Boolean matrix example

If we are not interested at all in the weights, we might use only zeroes and ones as we did before. But this could have implications when doing operations on matrices, so some times it is better to use only True and False

[11]:
mat = [
    [False, True, False],
    [False, True, True],
    [True, False, True],

]
draw_mat(mat)
../_images/graph-formats_graph-formats-sol_31_0.png

Matrix exercises

We are now ready to start implementing the following functions. Before even start implementation, for each try to interpret the matrix as a graph, drawing it on paper. When you’re done implementing try to use draw_mat on the results. Notice that since draw_mat is a generic display function and knows nothing about the nature of the graph, sometimes it will not show the graph in the optimal way we humans would use.

Exercise - line

✪✪ This function is similar to diag. As that one, you can implement it in two ways: you can use a double for, or a single one (much more efficient). What would be the graph representation of line ?

RETURN a matrix as lists of lists where node i must have an edge to node i + 1 with weight 1

  • Last node points to nothing

  • n must be >= 1, otherwise raises ValueError

Show solution
[12]:
def line(n):
    raise Exception('TODO IMPLEMENT ME !')

assert line(1) == [ [0] ]

assert line(2) == [ [0,1],
                    [0,0] ]
assert line(3) == [ [0,1,0],
                    [0,0,1],
                    [0,0,0] ]

assert line(4) == [ [0,1,0,0],
                    [0,0,1,0],
                    [0,0,0,1],
                    [0,0,0,0] ]
draw_mat(line(4))
../_images/graph-formats_graph-formats-sol_37_0.png

Exercise - cross

✪✪ RETURN a nxn matrix filled with zeros except on the crossing lines.

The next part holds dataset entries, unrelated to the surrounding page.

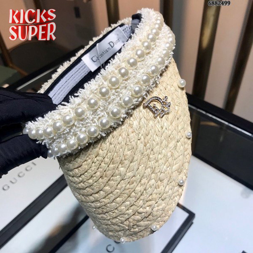Best Christian Dior Natural raffia splicing sun Empty top hat
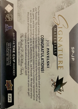 2017–18 Upper Deck Signature Materials Joe Pavelski Patch Autograph /99
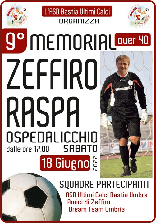 Reduci dal secondo posto conquistato nel Torneo di Aosta over 50, sconfitti immeritatamente in finale dall’Arzignano (VC) l’ A.S.D. Ultimi Calci Bastia Umbra organizza il 9° Memorial Zeffiro Raspa.Si svolgerà sabato 18 giugno, a partire dalle ore 17, presso il campo sportivo di Ospedalicchio.
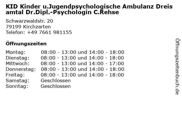 Branchen & Suchbegriffe zu KID Kinder u.Jugendpsychologische Ambulanz Dreisamtal Dr.Dipl.-Psychologin C.Rehse:ambulanz, c.rehse, dr.dipl., dreisamtal, kid, kinder, psychologe, psychologin, u.jugendpsychologische |
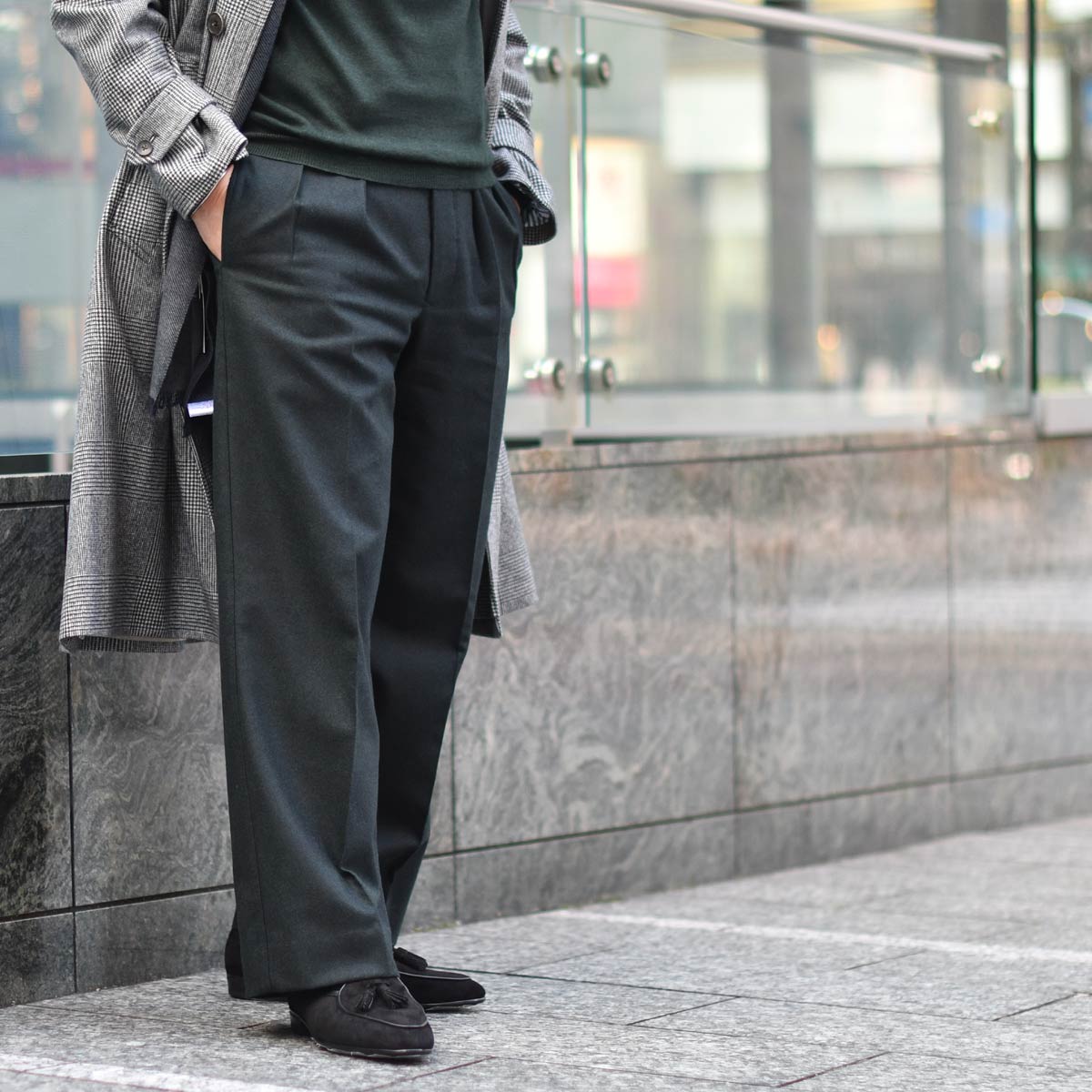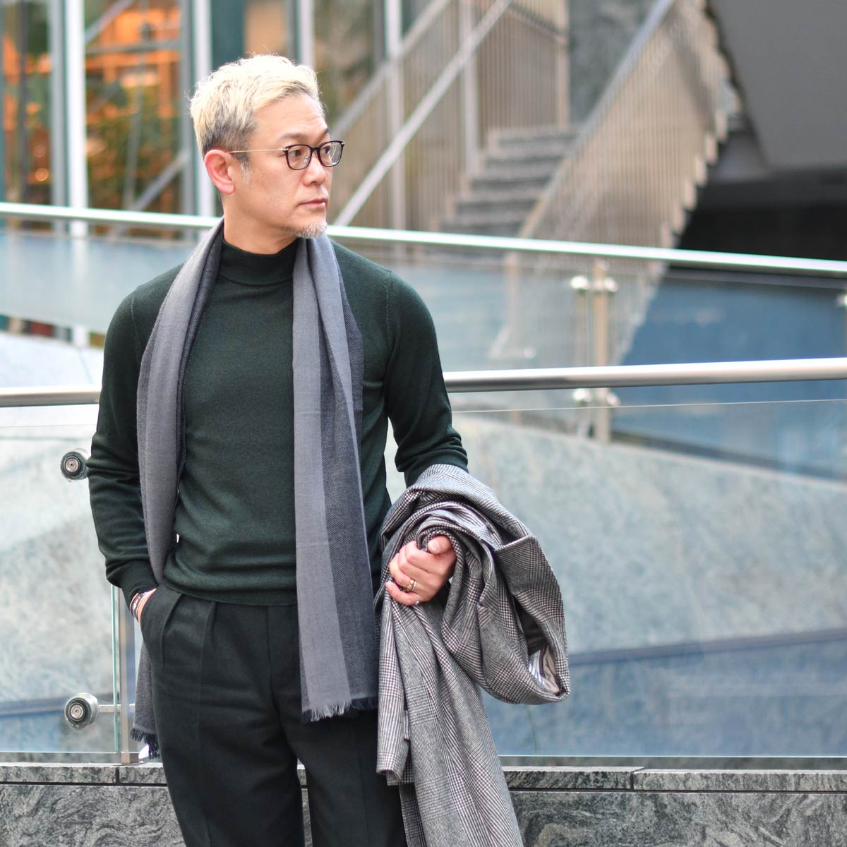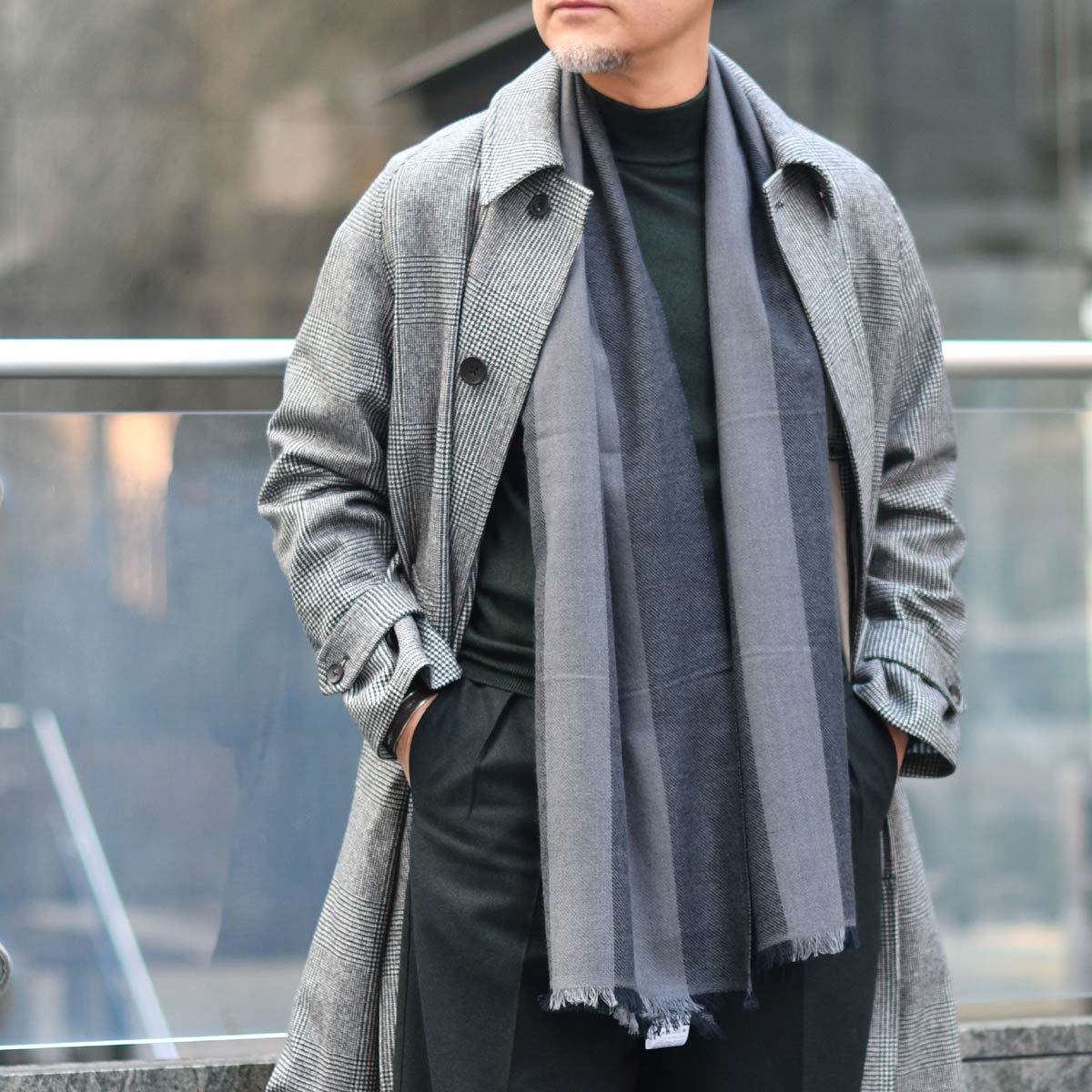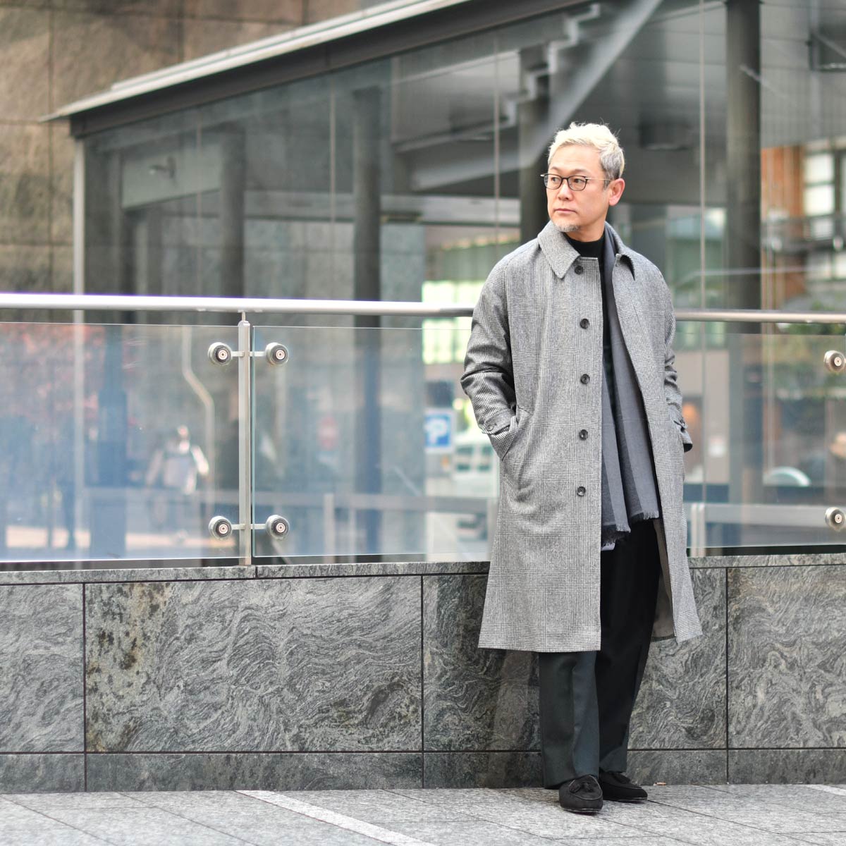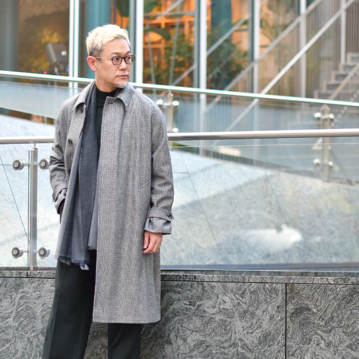 グレーのグレンチェック柄がブリティッシュ且つモダンなコートに、

  • n must be >=1 and odd, otherwise a ValueError is thrown

Example for n=7 :

0001000
0001000
0001000
1111111
0001000
0001000
0001000

Try to figure out how the resulting graph would look like (try to draw on paper, also notice that draw_mat will probably not draw the best possible representation)

Show solution
[13]:
def cross(n):
    raise Exception('TODO IMPLEMENT ME !')

assert cross(1) == [
    [1]
]
assert cross(3) == [ [0,1,0],
                     [1,1,1],
                     [0,1,0] ]

assert cross(5) == [ [0,0,1,0,0],
                     [0,0,1,0,0],
                     [1,1,1,1,1],
                     [0,0,1,0,0],
                     [0,0,1,0,0] ]

union

When we talk about the union of two graphs, we intend the graph having union of verteces of both graphs and having as edges the union of edges of both graphs. In this exercise, we have two graphs as list of lists with boolean edges. To simplify we suppose they have the same vertices but possibly different edges, and we want to calculate the union as a new graph.

For example, if we have a graph ma like this:

[14]:

ma =  [
            [True, False, False],
            [False, True, False],
            [True, False, False]
      ]

[15]:
draw_mat(ma)
../_images/graph-formats_graph-formats-sol_45_0.png

And another mb like this:

[16]:
mb =  [
            [True, True, False],
            [False, False, True],
            [False, True, False]

      ]
[17]:
draw_mat(mb)
../_images/graph-formats_graph-formats-sol_48_0.png

The result of calling union(ma, mb) will be the following:

[18]:

res = [[True, True, False], [False, True, True], [True, True, False]]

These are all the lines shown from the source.